The Pitch & Valuation
Management has shown a rational and transparent policy towards capital allocation: buy back stock when the ROE on share repurchases exceeds that which can be deployed in operations. See below from the Q1 2024 earnings transcript:
“…There will be, at some point, some use of capital. But at these prices and for a while these … this level of stock, there's not a better use of our capital than to buy the shares. And we get up into a period of twelve[x] or something then we'll have a different conversation. But right now, I can't get an ROE on capital that's better than what I'll get by buying back shares.”
Management funded acquisitions with shares when the bank was trading around 15-20x from 2015-2019, and thereafter began aggressively retiring shares when the multiple began compressing towards 10x (chart below from Koyfin). Since 2019, management has reduced S/O by ~37% and used ~82% of cumulative net income for share buybacks. Including dividends, which remain at $0.20 a share at $5.4 million per year, management has returned over 86% of cumulative net income to shareholders since 2019.

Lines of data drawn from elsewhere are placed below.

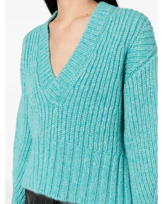 aqua blue wool-cotton-alpaca wool blend chunky knit V-neck long sleeves drop shoulder cropped straight hem
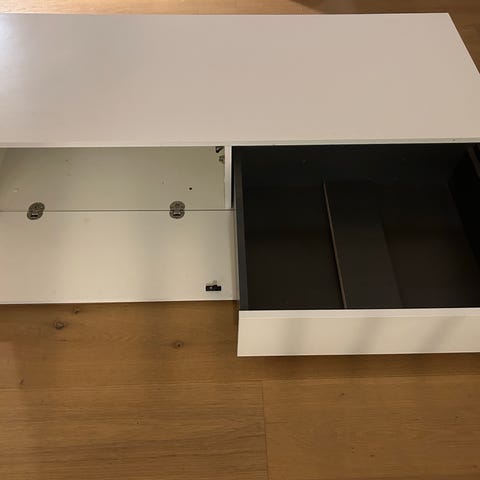 Møblet er hvidt og designet til opbevaring af elektronik og tilbehør i stuen.
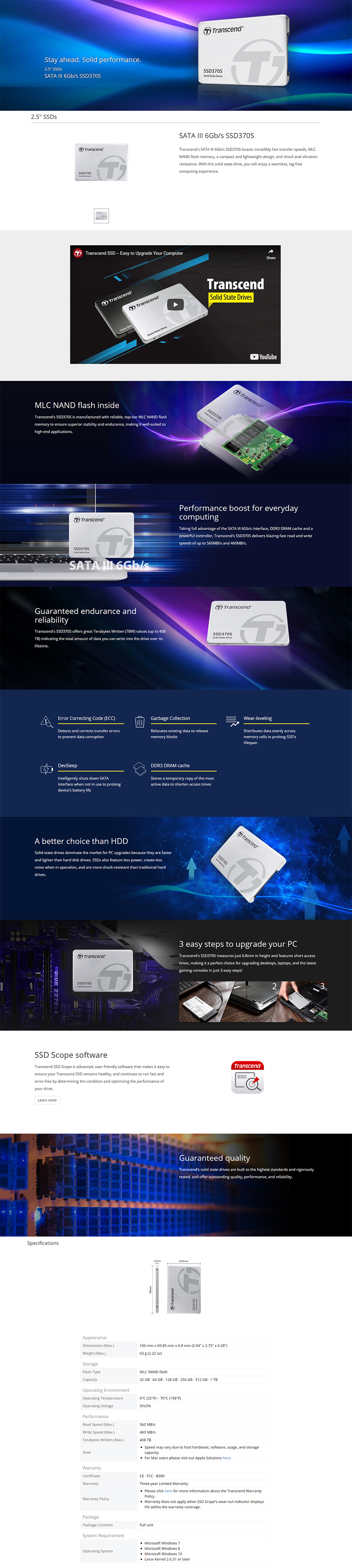 1x Transcend SSD370S 2.5" Sata 3 Solid State Drive (SSD) 1TB
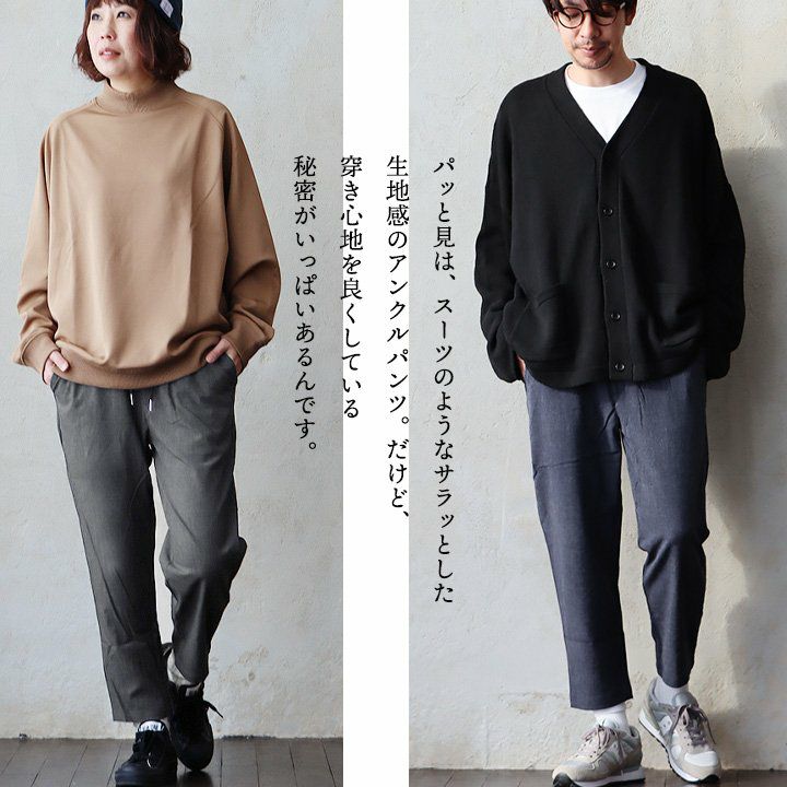 他の画像を見る 穿き心地は楽ちん、キレイめスラックス風アンクルパンツ。 パンツ アンクル丈 テーパード ストレート メンズ レディース 無地 薄手 滑らか しっかり生地 伸縮性 ストレッチ ウエストゴム ゆったり 体型カバー カジュアル ユニセックス パティ 2~3日でお届け 販売価格 ¥ 6,490 税込 詳細を見る お気に入りに登録する
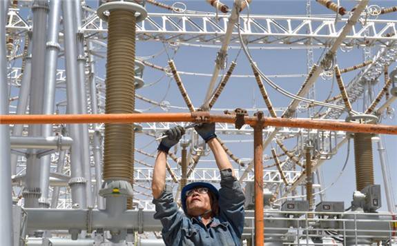 5月27日,工作人員在位于寧夏吳忠市同心縣的妙嶺750千伏變電站施工現(xiàn)場(chǎng)施工。
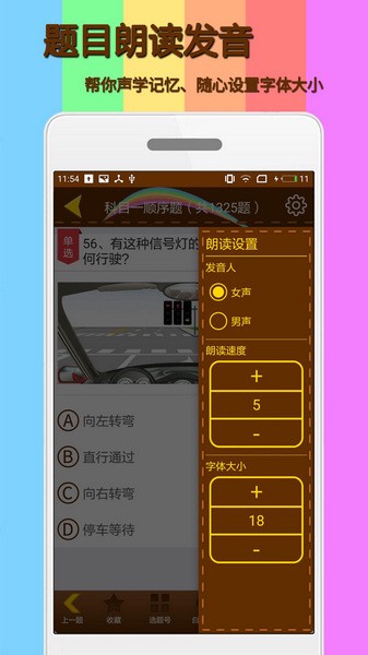 【语音朗读】具有语音朗读功能帮您声学记忆,带上耳机,在地铁、公交随时随地轻松学习,语音朗读功能是你考驾照学车的好助手,可以设置朗读速度,朗读语调,朗读音量大小和朗读人物(包括男声和女声)。

Pathward has continued to sign new deposit partners and grow existing deposits, and I expect deposits to continue growing at mid-single digits in the coming years. Proceeds from lower-yielding security and loan maturities can be reallocated to commercial financing, with new underwriting moving the yield from 8.3% today to 9.0% by 2026 (management noted new issuance is yielding ~9.0% today). Non-interest income will likely be flat as payment and card fees go ex-growth from competition and EIP depletion. Overall, with slightly increasing SG&A to total revenue and normalized tax rates increasing to 20% by 2026, I expect Pathward will conservatively do ~$185 million in net income by FY2026, which equates to a ~4.5% CAGR on net income over the 3-year period.
Assuming Pathward allocates 80% of net income to buybacks, below historical precedent, Pathward could retire over 24% of shares cumulatively through FY2026 (~11.1% EPS yield x 80% utilization rate x 3 years). Assuming no multiple expansion, an exit at FYE 2026 at 9x EPS would equate to $83/share, resulting in a total return of +70% and an IRR of ~24%.